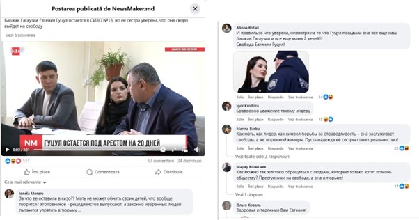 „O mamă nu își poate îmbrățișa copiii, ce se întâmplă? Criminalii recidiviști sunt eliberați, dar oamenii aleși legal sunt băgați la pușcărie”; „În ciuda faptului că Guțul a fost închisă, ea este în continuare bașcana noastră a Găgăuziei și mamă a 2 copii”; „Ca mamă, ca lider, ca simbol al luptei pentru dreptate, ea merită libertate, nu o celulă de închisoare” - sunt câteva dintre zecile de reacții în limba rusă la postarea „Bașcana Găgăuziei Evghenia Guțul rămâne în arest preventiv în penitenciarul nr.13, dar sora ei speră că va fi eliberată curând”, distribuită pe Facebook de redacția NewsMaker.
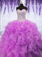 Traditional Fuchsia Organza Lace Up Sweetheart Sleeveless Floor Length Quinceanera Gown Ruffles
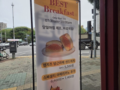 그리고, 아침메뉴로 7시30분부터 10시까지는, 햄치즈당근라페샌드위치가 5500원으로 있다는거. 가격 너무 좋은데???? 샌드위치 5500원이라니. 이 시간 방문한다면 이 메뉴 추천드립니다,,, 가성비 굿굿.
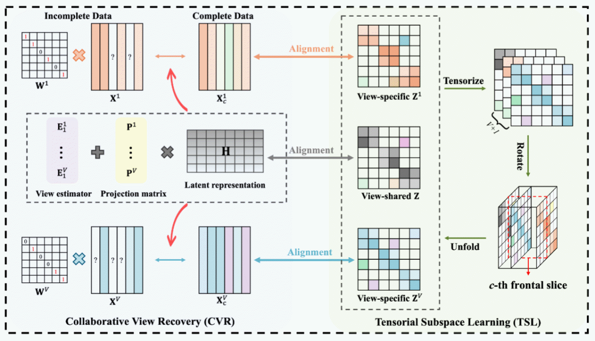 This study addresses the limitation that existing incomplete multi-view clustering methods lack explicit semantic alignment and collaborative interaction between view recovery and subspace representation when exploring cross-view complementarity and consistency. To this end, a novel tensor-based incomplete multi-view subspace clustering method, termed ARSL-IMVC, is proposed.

---

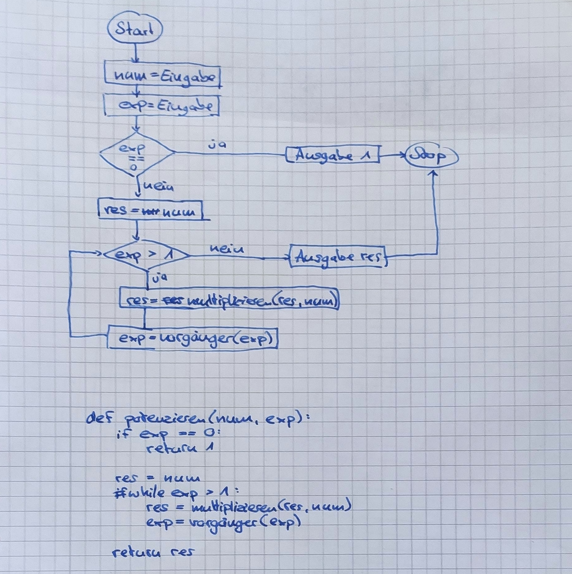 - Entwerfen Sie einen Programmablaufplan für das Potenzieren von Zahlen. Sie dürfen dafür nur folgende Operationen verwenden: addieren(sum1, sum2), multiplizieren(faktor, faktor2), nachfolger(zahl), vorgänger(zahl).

▶ What you should do: Treat the line with "그리고, 아침메뉴로 7시30분부터" as the start and the line with "This study addresses" as the end, and return exactly that span of the data above, both ends included, without pictures.

▶ Output for this exercise:
 그리고, 아침메뉴로 7시30분부터 10시까지는, 햄치즈당근라페샌드위치가 5500원으로 있다는거. 가격 너무 좋은데???? 샌드위치 5500원이라니. 이 시간 방문한다면 이 메뉴 추천드립니다,,, 가성비 굿굿.
 This study addresses the limitation that existing incomplete multi-view clustering methods lack explicit semantic alignment and collaborative interaction between view recovery and subspace representation when exploring cross-view complementarity and consistency. To this end, a novel tensor-based incomplete multi-view subspace clustering method, termed ARSL-IMVC, is proposed.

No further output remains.